**What to do**: An exact copy of the lines of the listing below between the "Mieszkanie o powierzchni" line and the "Uz kuću se nalazi" line, both included, is the whole answer; please omit the pictures.

**Study material**:
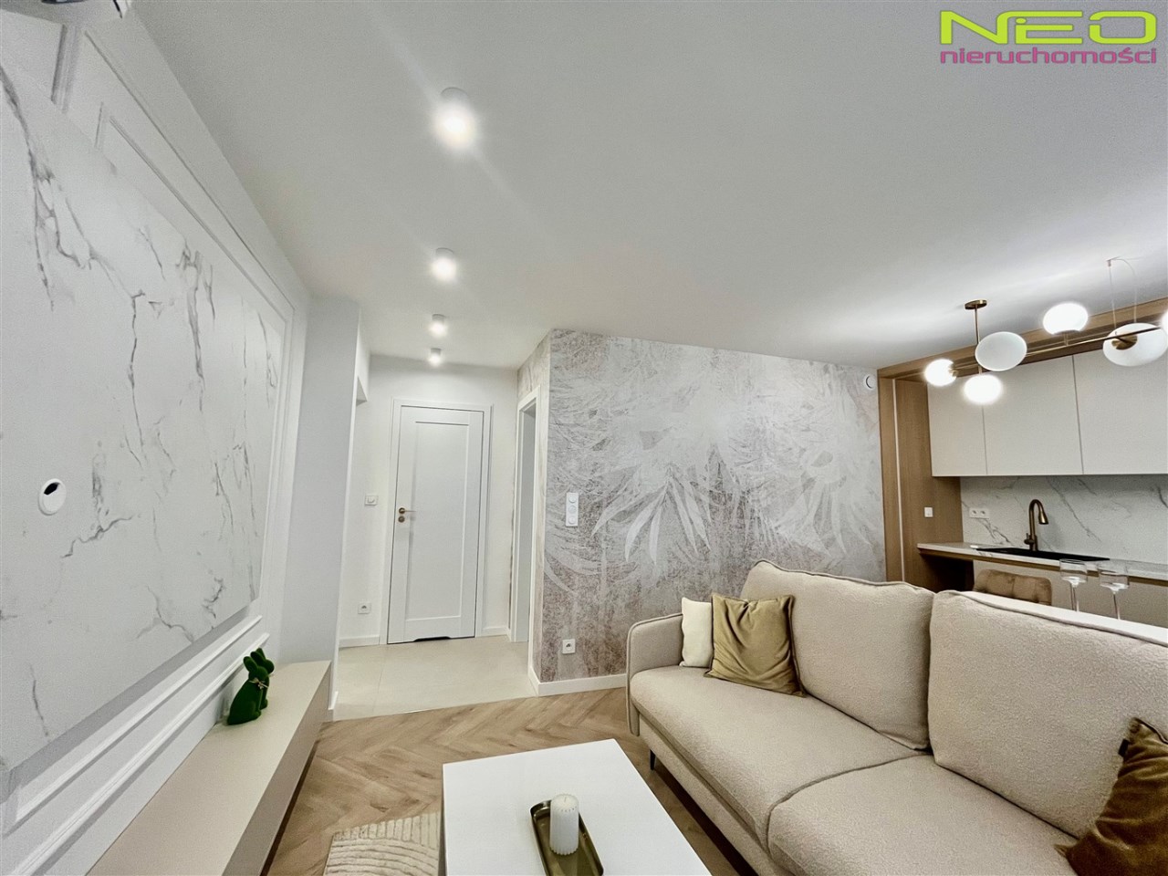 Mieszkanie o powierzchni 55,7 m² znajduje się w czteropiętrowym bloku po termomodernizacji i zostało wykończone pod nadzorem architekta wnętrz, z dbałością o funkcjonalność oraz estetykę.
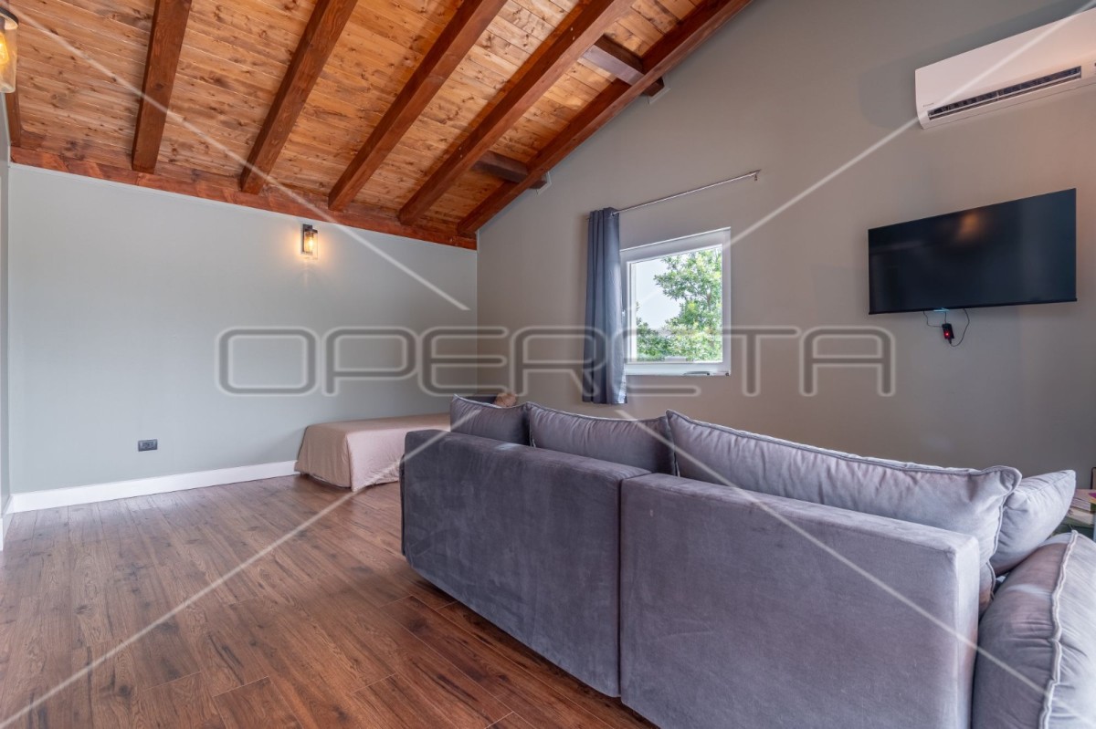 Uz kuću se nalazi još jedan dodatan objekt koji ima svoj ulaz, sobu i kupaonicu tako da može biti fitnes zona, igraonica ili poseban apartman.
...
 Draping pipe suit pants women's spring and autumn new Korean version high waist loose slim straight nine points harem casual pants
...
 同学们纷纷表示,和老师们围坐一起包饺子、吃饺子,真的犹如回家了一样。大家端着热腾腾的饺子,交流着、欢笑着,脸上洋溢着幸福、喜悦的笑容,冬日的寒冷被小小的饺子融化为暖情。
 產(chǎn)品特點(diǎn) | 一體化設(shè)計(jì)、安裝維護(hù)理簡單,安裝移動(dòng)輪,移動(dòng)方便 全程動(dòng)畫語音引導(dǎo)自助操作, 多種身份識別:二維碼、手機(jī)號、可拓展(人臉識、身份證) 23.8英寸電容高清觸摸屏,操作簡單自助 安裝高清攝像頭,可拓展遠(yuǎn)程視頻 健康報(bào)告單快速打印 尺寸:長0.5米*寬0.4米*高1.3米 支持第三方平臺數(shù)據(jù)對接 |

**Output for this exercise**:
 Mieszkanie o powierzchni 55,7 m² znajduje się w czteropiętrowym bloku po termomodernizacji i zostało wykończone pod nadzorem architekta wnętrz, z dbałością o funkcjonalność oraz estetykę.
 Uz kuću se nalazi još jedan dodatan objekt koji ima svoj ulaz, sobu i kupaonicu tako da može biti fitnes zona, igraonica ili poseban apartman.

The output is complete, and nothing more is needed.